WHAT YOU ARE ASKED TO DO:
Leaving out every picture, copy the lines of the material below exactly, from the line containing "Bez námahy a" through the line containing "VINTAGE 70s DOES".

--- START ---

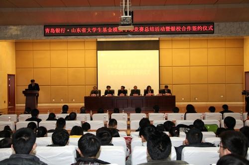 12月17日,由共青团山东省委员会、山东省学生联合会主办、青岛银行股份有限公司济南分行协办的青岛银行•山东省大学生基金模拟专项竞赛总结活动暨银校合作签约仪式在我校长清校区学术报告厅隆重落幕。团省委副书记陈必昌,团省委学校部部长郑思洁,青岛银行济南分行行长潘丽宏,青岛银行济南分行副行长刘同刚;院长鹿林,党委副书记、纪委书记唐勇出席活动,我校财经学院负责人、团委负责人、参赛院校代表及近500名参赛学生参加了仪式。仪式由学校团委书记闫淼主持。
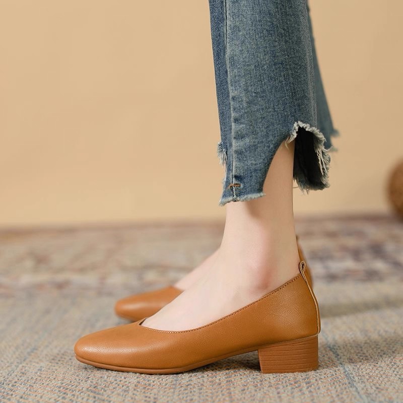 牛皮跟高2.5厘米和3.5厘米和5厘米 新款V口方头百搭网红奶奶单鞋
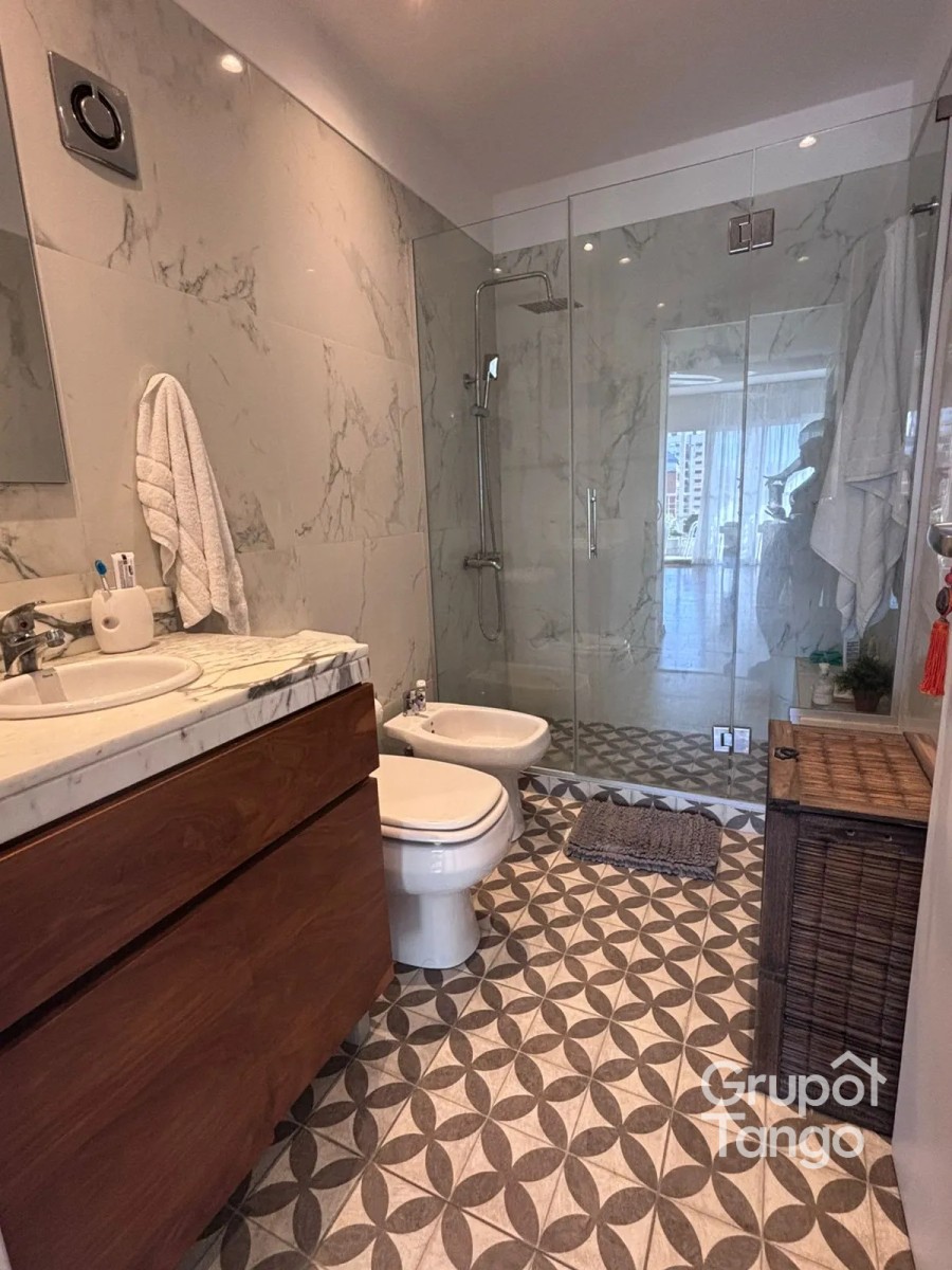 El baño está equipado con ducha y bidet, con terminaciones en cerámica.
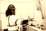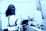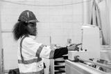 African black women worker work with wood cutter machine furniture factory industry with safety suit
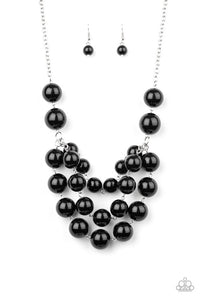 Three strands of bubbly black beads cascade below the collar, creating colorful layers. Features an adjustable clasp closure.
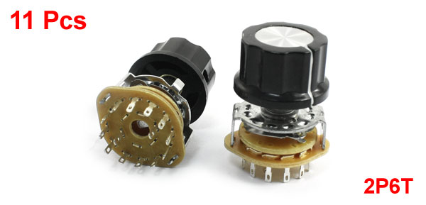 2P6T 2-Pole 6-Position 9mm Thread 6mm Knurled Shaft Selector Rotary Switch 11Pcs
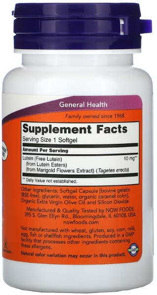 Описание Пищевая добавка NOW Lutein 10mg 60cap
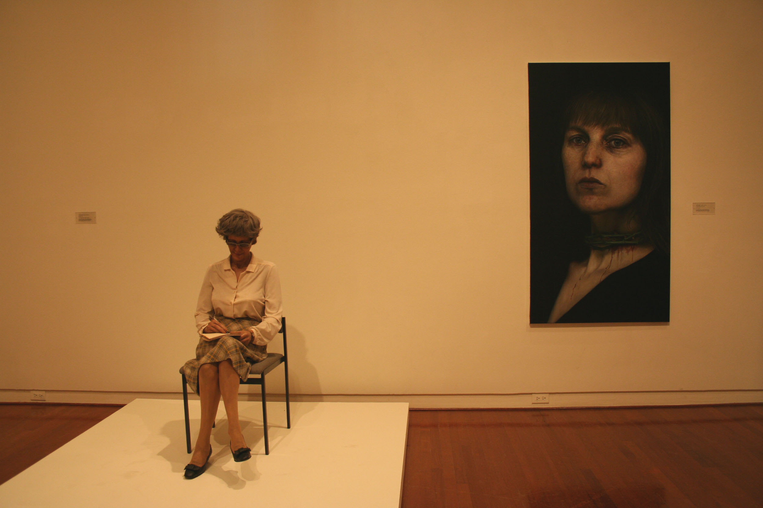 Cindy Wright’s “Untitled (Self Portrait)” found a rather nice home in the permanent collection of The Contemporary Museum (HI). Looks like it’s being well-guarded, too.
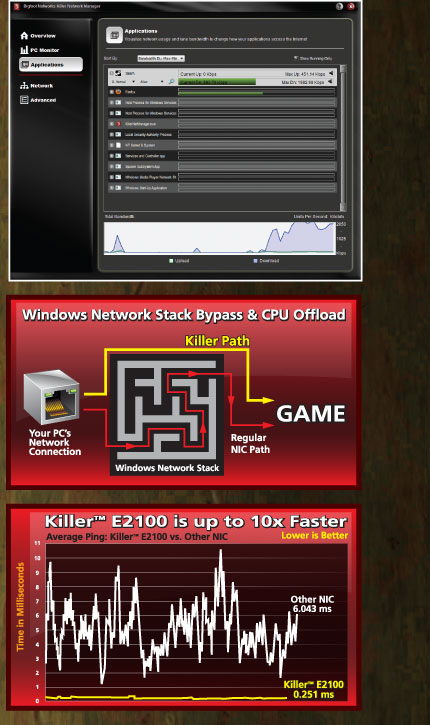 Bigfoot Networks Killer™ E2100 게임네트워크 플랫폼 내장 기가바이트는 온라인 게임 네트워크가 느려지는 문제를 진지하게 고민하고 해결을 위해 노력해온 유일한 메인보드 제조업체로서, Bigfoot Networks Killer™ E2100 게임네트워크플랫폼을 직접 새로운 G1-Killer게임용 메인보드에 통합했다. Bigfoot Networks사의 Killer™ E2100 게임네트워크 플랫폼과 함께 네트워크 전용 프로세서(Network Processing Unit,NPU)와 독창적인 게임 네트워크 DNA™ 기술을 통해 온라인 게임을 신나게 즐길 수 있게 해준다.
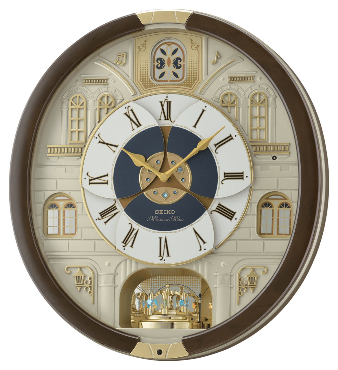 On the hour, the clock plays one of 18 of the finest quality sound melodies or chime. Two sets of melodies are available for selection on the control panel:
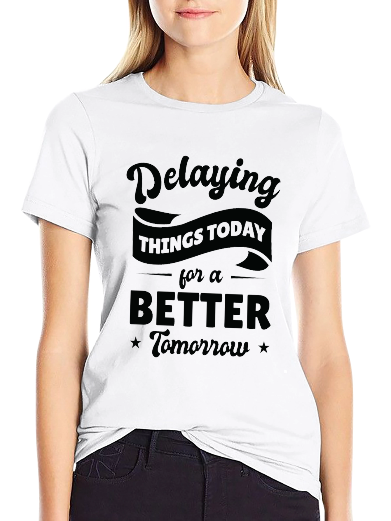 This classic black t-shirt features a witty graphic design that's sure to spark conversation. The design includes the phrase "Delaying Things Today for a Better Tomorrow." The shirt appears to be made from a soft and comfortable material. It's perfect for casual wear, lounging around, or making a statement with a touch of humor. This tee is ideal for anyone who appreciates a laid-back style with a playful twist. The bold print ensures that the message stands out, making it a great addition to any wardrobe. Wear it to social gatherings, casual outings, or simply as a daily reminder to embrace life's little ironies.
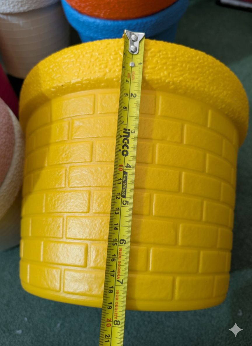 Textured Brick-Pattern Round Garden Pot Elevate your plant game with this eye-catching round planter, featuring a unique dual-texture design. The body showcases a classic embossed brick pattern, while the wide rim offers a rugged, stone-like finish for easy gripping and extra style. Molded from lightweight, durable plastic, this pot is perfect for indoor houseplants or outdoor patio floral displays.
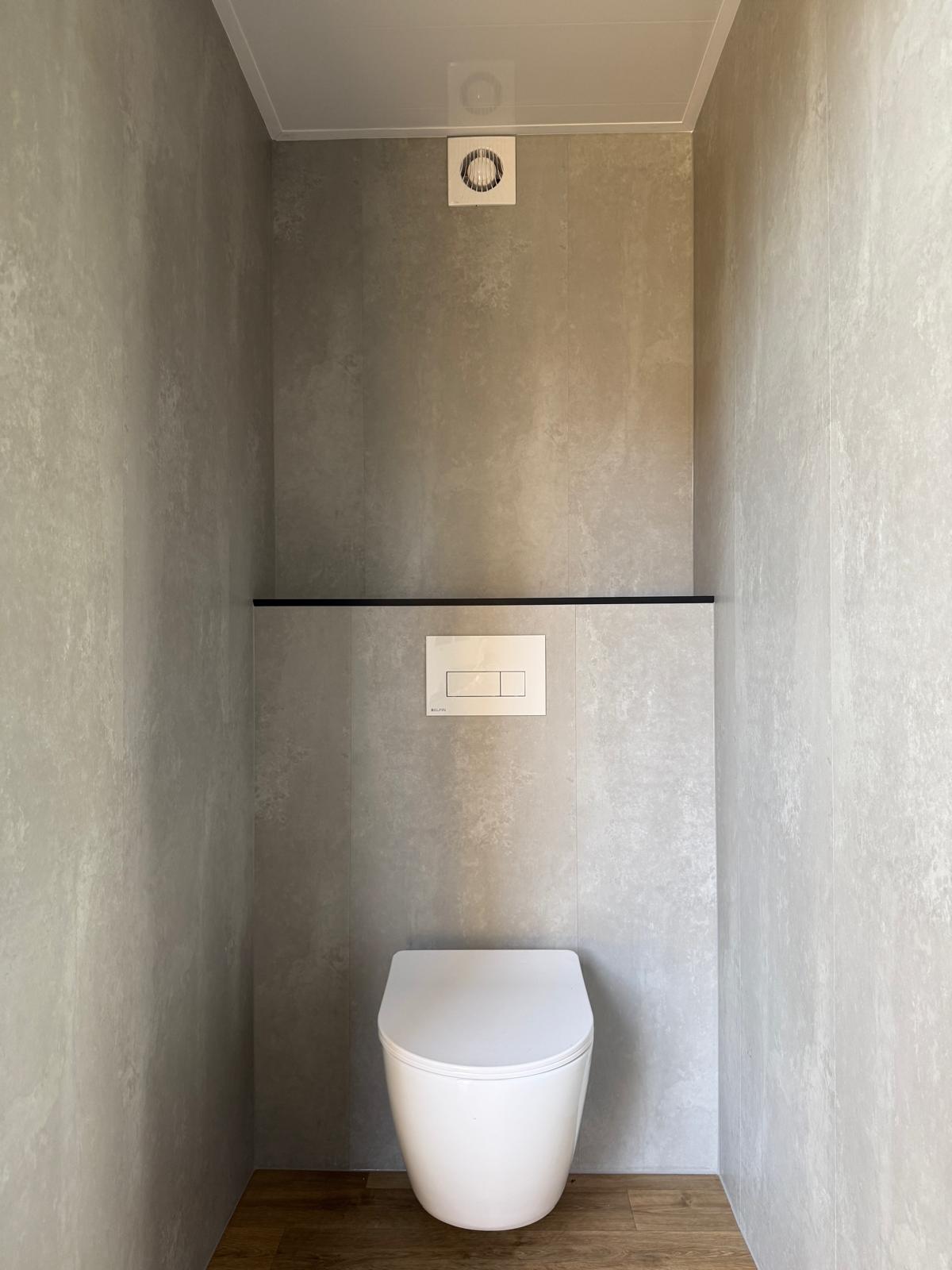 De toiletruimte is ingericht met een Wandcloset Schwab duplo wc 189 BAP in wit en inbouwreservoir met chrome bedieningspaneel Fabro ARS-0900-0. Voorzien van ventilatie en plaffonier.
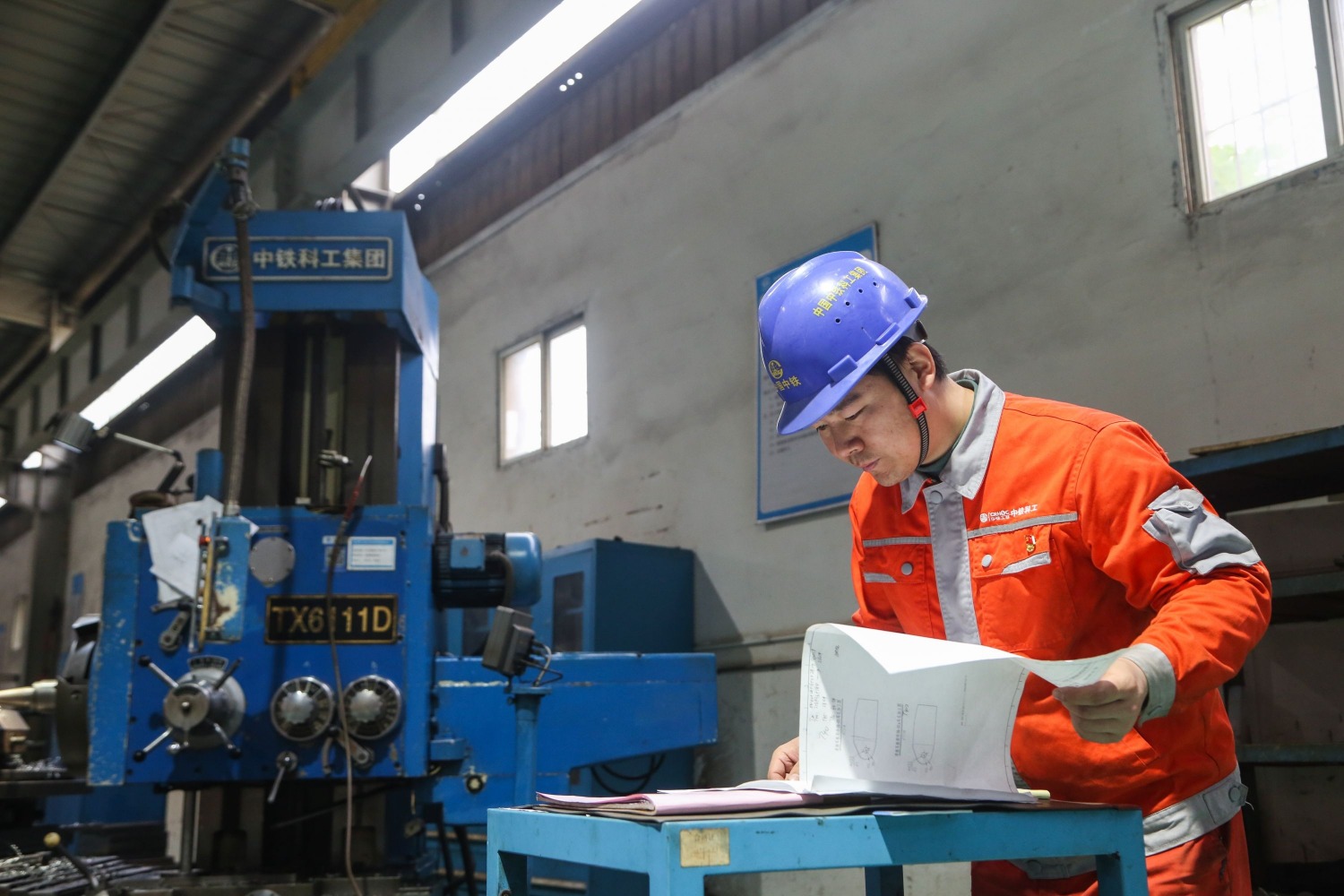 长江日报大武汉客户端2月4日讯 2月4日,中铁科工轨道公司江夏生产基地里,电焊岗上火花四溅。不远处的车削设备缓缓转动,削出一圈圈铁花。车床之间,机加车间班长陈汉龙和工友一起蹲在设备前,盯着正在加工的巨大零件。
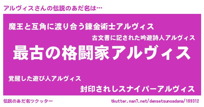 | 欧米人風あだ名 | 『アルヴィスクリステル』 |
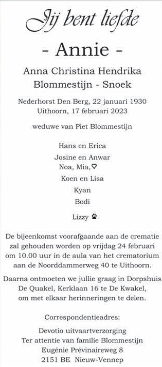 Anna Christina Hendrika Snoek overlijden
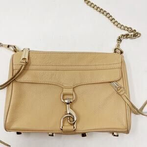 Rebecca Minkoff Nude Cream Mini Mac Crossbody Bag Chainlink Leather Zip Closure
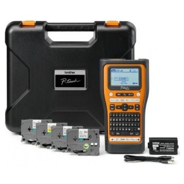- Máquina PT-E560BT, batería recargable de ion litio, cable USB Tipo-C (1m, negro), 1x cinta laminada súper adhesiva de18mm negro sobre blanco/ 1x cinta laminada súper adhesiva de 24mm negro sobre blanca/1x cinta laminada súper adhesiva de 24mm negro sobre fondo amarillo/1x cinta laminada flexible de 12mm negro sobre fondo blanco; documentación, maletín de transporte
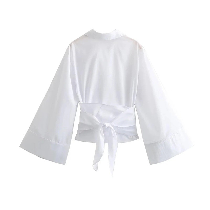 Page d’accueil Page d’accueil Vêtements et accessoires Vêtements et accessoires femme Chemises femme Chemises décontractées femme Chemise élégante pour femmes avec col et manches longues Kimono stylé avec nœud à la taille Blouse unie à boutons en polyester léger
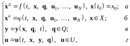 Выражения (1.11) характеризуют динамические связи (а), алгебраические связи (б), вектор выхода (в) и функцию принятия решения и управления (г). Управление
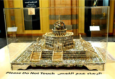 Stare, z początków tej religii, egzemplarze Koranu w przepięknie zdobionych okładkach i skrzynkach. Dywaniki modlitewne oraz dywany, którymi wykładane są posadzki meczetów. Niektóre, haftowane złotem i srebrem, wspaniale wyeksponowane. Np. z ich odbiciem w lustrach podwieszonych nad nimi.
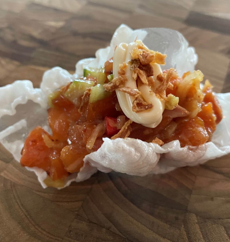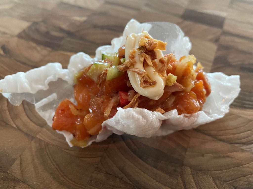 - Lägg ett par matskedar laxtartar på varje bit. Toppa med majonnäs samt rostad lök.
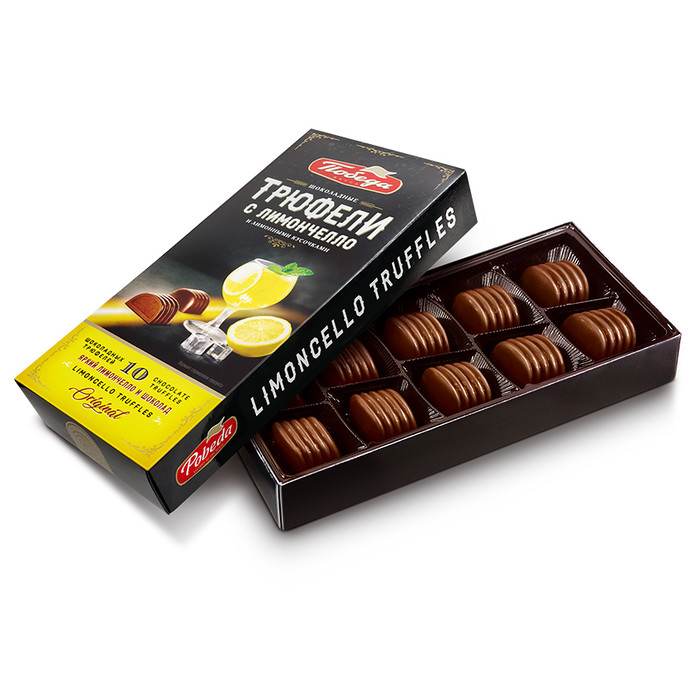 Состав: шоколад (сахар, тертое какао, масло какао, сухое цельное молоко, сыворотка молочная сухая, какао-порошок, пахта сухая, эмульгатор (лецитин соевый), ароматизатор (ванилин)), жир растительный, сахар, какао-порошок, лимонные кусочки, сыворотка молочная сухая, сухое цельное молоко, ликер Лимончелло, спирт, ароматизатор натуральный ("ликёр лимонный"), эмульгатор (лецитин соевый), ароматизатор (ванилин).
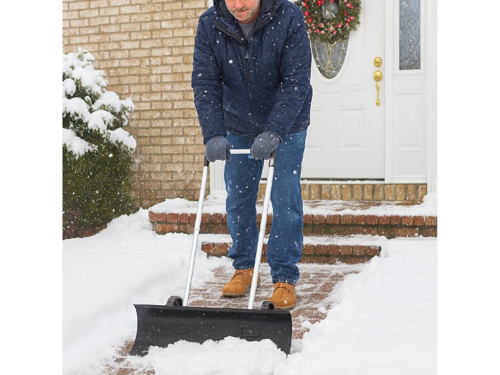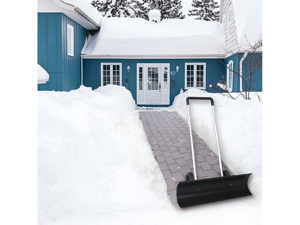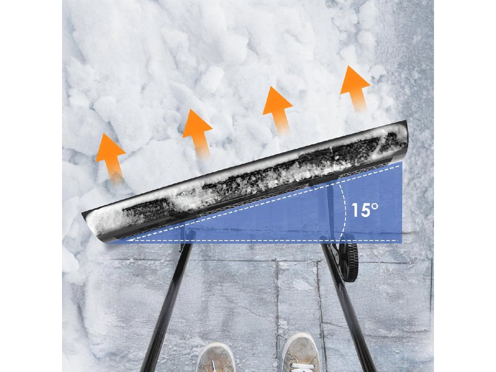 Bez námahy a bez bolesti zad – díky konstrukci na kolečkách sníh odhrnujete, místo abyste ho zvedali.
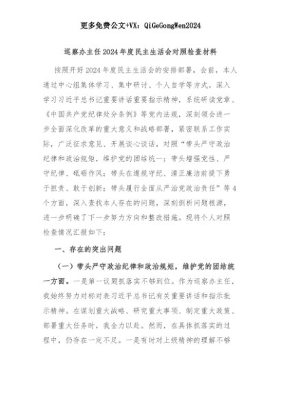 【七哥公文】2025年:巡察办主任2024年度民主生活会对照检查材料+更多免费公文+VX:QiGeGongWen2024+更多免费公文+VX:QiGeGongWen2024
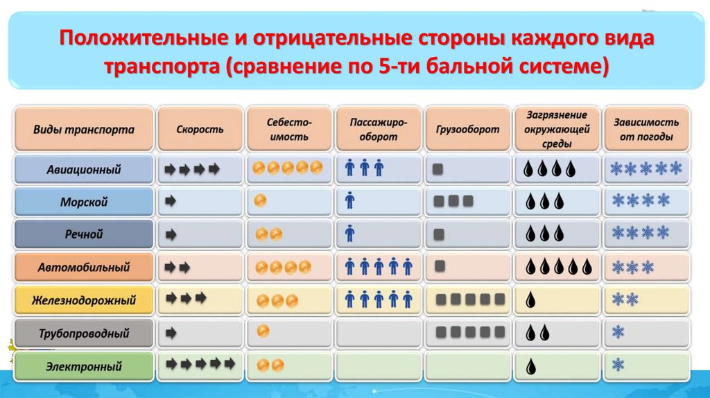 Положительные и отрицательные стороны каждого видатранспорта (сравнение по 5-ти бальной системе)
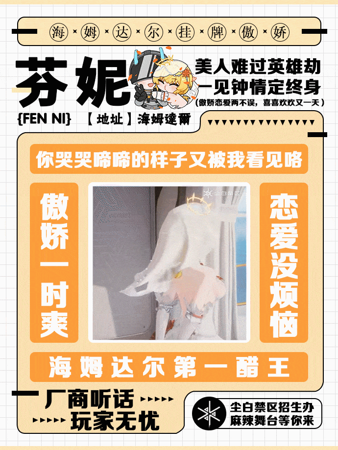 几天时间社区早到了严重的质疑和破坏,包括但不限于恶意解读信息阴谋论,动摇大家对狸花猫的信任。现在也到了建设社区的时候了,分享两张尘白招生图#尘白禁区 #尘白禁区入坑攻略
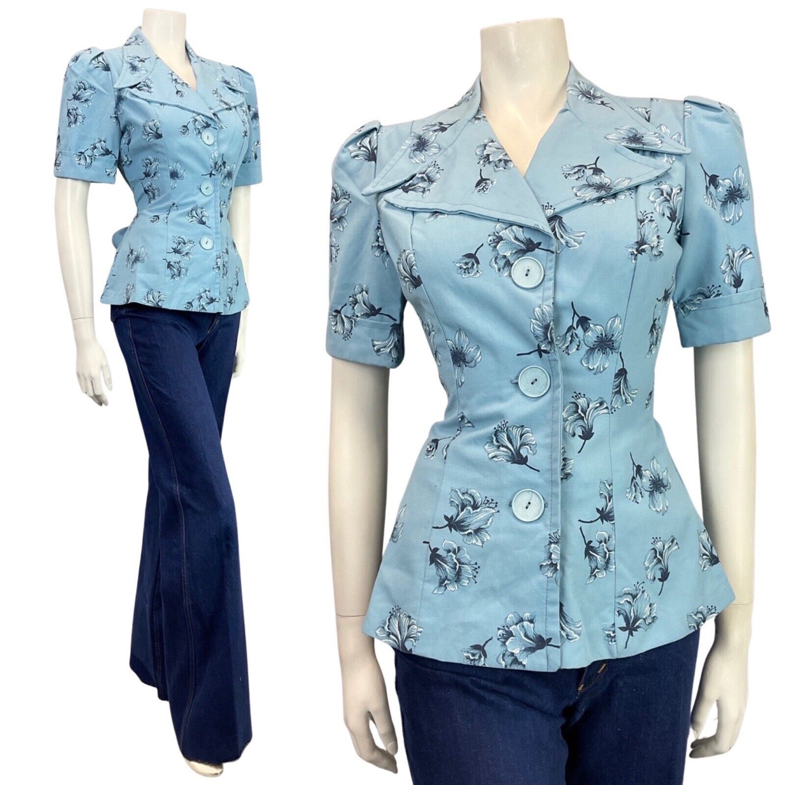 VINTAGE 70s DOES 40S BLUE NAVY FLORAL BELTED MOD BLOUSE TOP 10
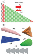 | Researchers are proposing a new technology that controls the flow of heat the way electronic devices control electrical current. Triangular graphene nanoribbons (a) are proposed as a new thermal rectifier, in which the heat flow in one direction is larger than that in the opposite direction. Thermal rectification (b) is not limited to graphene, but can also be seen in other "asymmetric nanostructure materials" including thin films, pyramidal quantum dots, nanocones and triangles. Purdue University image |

--- END ---

FINISHED EXERCISE:
 Bez námahy a bez bolesti zad – díky konstrukci na kolečkách sníh odhrnujete, místo abyste ho zvedali.
 【七哥公文】2025年:巡察办主任2024年度民主生活会对照检查材料+更多免费公文+VX:QiGeGongWen2024+更多免费公文+VX:QiGeGongWen2024
 Положительные и отрицательные стороны каждого видатранспорта (сравнение по 5-ти бальной системе)
 几天时间社区早到了严重的质疑和破坏,包括但不限于恶意解读信息阴谋论,动摇大家对狸花猫的信任。现在也到了建设社区的时候了,分享两张尘白招生图#尘白禁区 #尘白禁区入坑攻略
 VINTAGE 70s DOES 40S BLUE NAVY FLORAL BELTED MOD BLOUSE TOP 10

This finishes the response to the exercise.